The judge concluded “Congress enacted the SALT cap pursuant to its broad tax powers under Article 1, section 8 and the Sixteenth Amendment. The cap, like any federal tax provision will affect some taxpayers more than others and, by extension, will affect some states more than others.”
Connecticut, New York, Maryland and New Jersey filed the suit after President Trump signed the Tax Cuts and Jobs Act, which capped the amount of state and local taxes that could be deducted from federal income taxes at $10,000 per couple and $5,000 per individual.
The states argued the tax unfairly punished high tax, Democratic-leaning states as a way to coerce them into reforming their tax policies, according to the court decision.
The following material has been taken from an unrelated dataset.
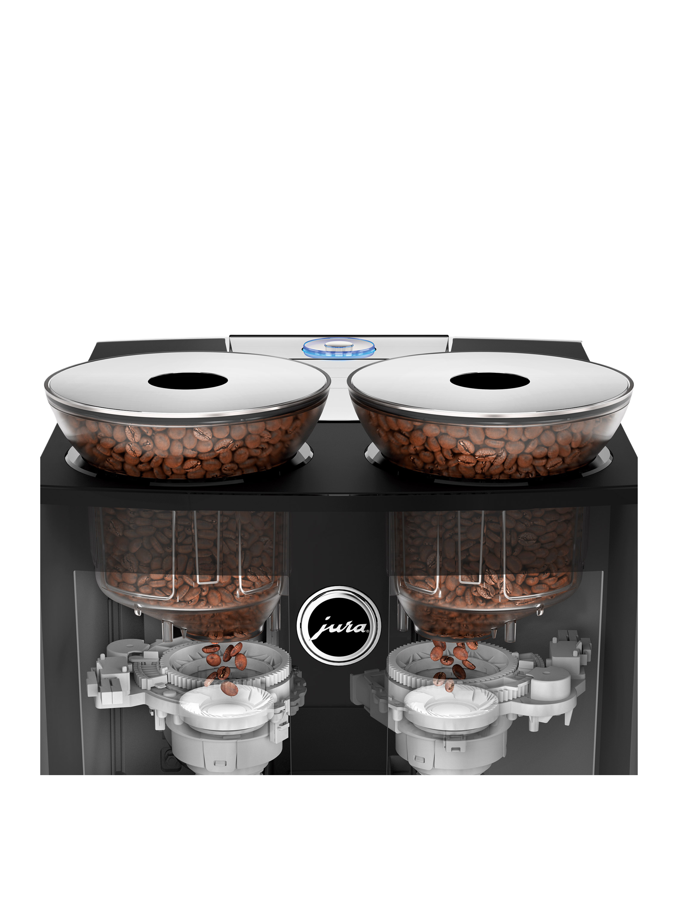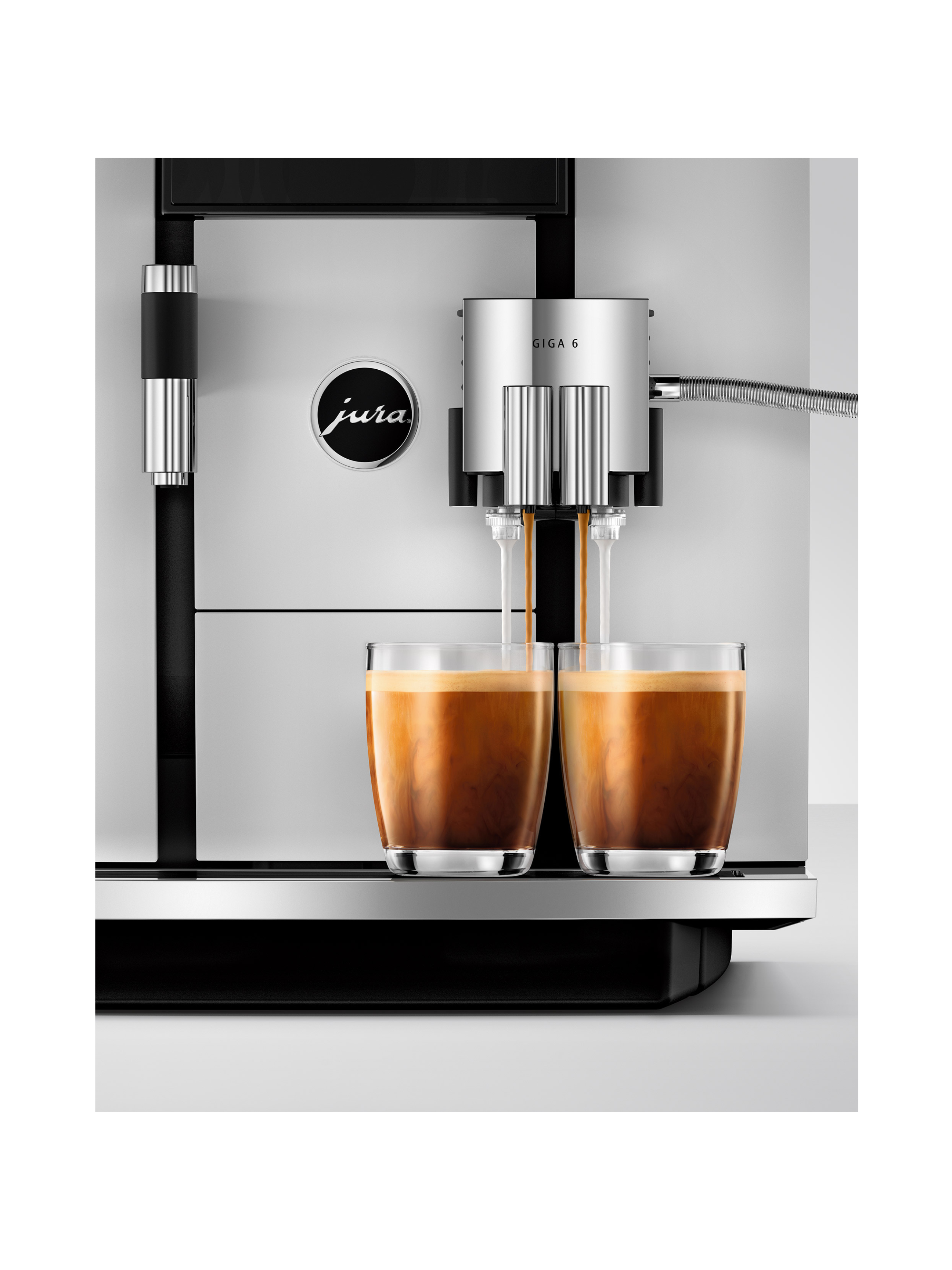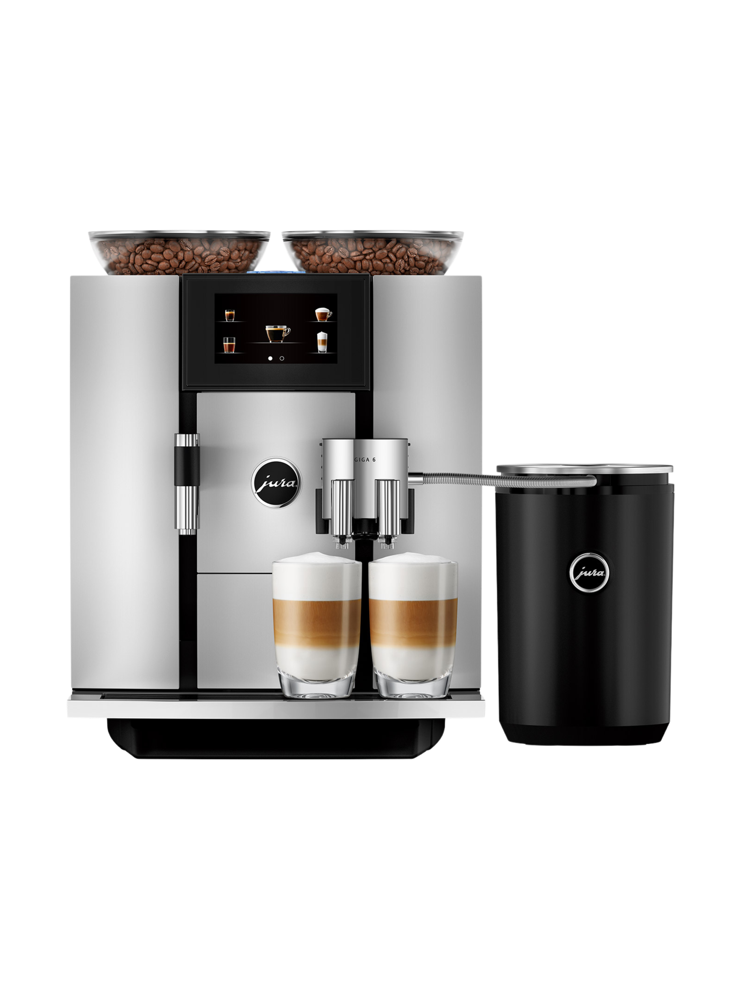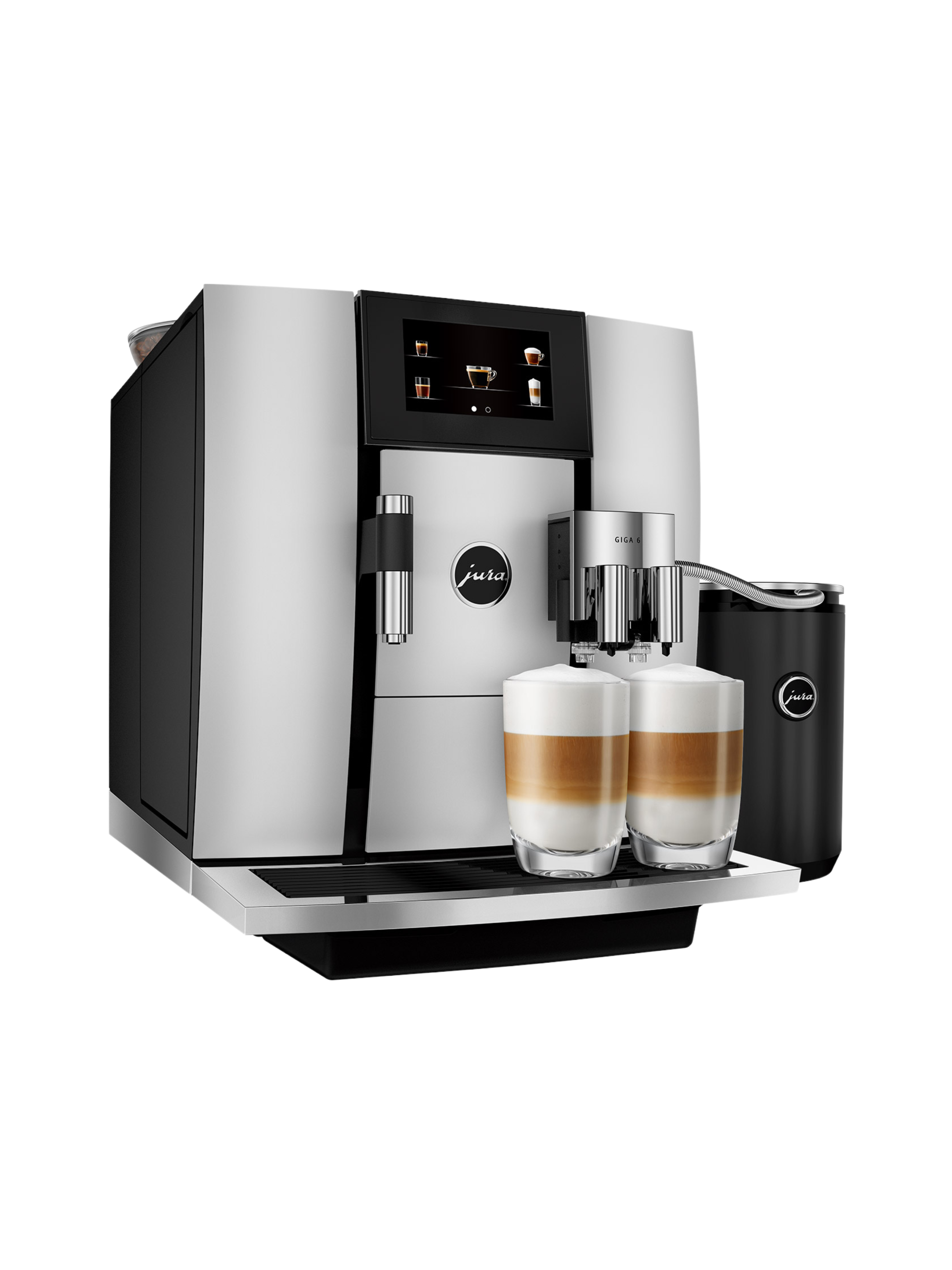 La machine Jura Giga 6 est une machine qui saura répondre aux plus hautes attentes des amateurs de café. Vous pouvez utiliser 2 sortes de grains de café différents, qui seront moulu par deux moulins distincts équipés de meules en céramique. Le système électronique de la Jura Giga 6 est équipé d’un algorithme qui lui permet de s’adapter à vos goûts. La qualité impressionnante de la nouvelle machine à café automatique est soulignée par la partie avant en aluminium de 3 mm d'épaisseur et le couvercle de conservation des arômes substantiel en zinc moulé sous pression chromé. Un algorithme d'auto-apprentissage identifie les préférences personnelles de chaque utilisateur et adapte l'écran de démarrage en conséquence, affichant deux, cinq ou huit spécialités préférées. Les images et les symboles sont explicites, bien pensés et réduits à l'essentiel, vous pouvez donner aux spécialités des noms spécifiques qui peuvent ensuite être affichés ou masqués.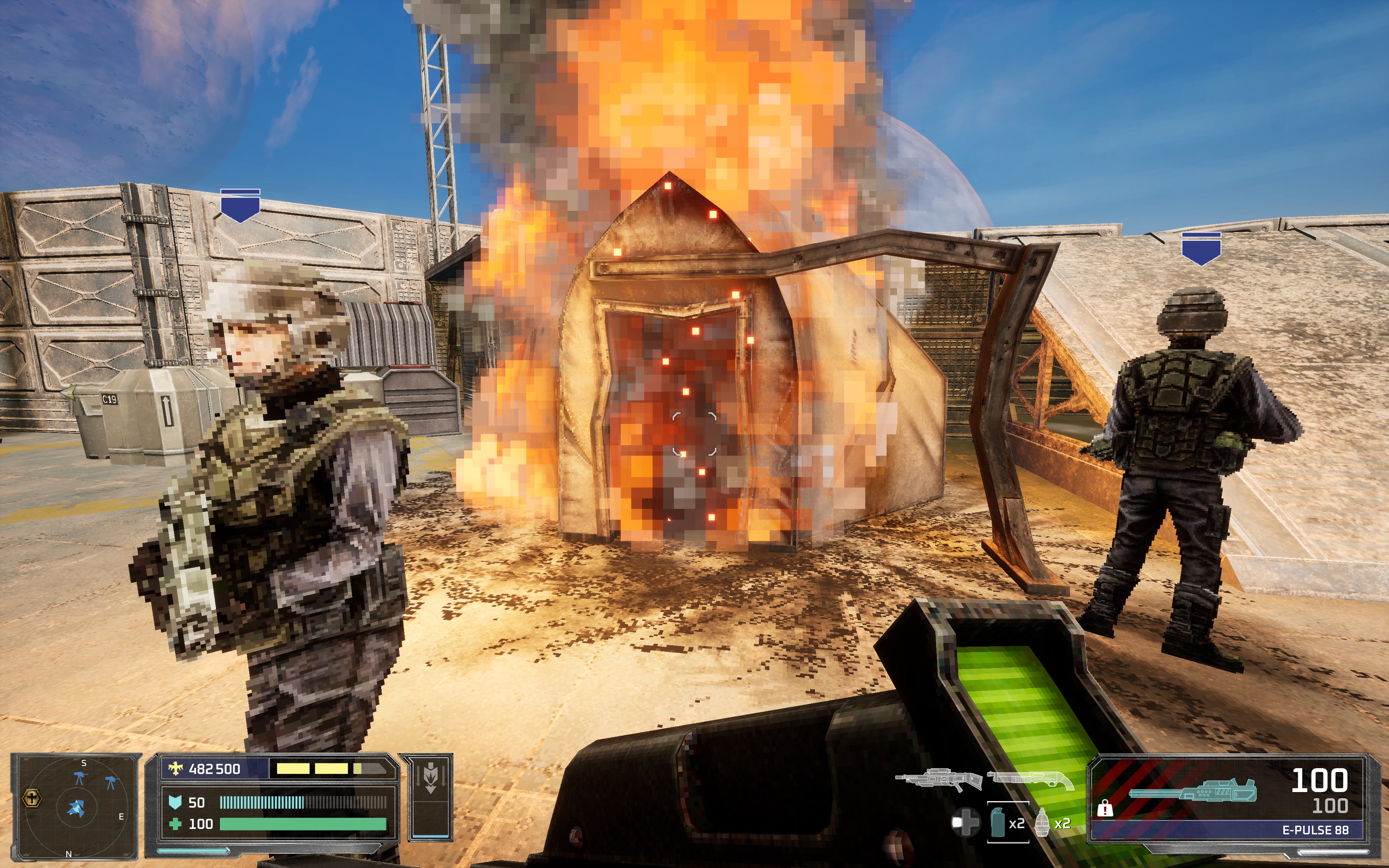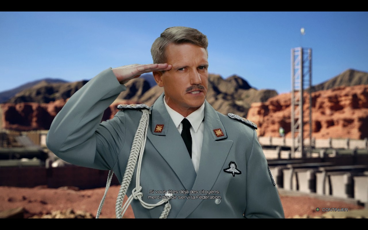 Visuellement, je ne vais pas y aller par quatre chemins : STUBW ne plaira clairement pas à tout le monde. Pour ma part j’ai adoré le parti pris artistique, mais il ne fait aucun doute que le rendu affiché laissera plus d’un joueur sur le carreau. Effectivement, au-delà de l’esthétique faite de gros pixels et d’aliasing assez violent, les développeurs ont choisi de mixer une 3D des années 2000 avec… des personnages en 2D façon DOOM et Duke Nukem. Une décision aussi audacieuse qu’assumée, et qui ne laissera donc personne indifférent. Autre subtilité : les cinématiques sont ici proposées à la manière de Command & Conquer, c’est à dire sous forme de briefings en FMV (pour « Full Motion Video »). On y croise par exemple Johnny Rico (le héros du film de 1997), toujours incarné IRL par le comédien Casper Van Dien, 57 ans.

Connecticut officials estimated the SALT cap would increase Connecticut’s taxpayers’ liability by $2.8 billion in 2018 and cost Connecticut residents $10.3 billion in SALT deductions in 2019, according to a report from the Office of Legislative Research.
The average state and local tax deduction in 2015 was $19,664, according to report from the Hartford Courant.
Connecticut Attorney General William Tong issued a statement saying his office was in “close coordination with other states to consider next steps.”
“The SALT cap is an abusive and discriminatory tax hike on Connecticut,” Tong said. “This disappointing decision makes it harder for our state to protect its taxpayers from the disproportionately harmful effects of Trump’s tax law.”
Although Connecticut joined other states in filing suit, it attempted two workarounds of the tax cap.
The first allowed residents to make “voluntary payments to a municipally-approved nonprofit that is organized exclusively to support municipal spending,” and allow taxpayers to file those payments as charitable donations.
That workaround didn’t fly with the Internal Revenue Services, which quickly shot down the idea from Connecticut and other affected states.
Connecticut’s second workaround was more successful but is not available to everyone. This fix used a pass-through entity tax which levied the top income tax rate.
The pass-through entities were then able to deduct their tax payments from their federal taxes and would be credited back 93 percent of the 6.99 percent tax paid to the state.
That fix appears, thus far, to have passed muster with the IRS, but the 2019 budget enacted a quick revenue grab by lowering the amount of money credited back to businesses from 93 percent to 87 percent, rankling business owners and creating complicated quarterly accounting woes.
Connecticut’s lawsuit was spearheaded by former Gov. Dannel Malloy and then Attorney General George Jepsen.
At the time, Malloy called the SALT cap “repugnant” and said “this law discriminates against Connecticut taxpayers, who stand to lose over 10 billion dollars in tax deductions. Hundreds of thousands of residents could see a tax increase even as their property values decrease.”
Part of the concern over the SALT cap is that it will drive more high-wealth individuals to states with lower property taxes and no state income taxes since they will no longer be able to deduct those payment from the federal tax returns.
“The States have cited no constitutional principle that would bar Congress from exercising its otherwise plenary power to impose an income tax without a limitless SALT deduction,” Oetken wrote in his decision.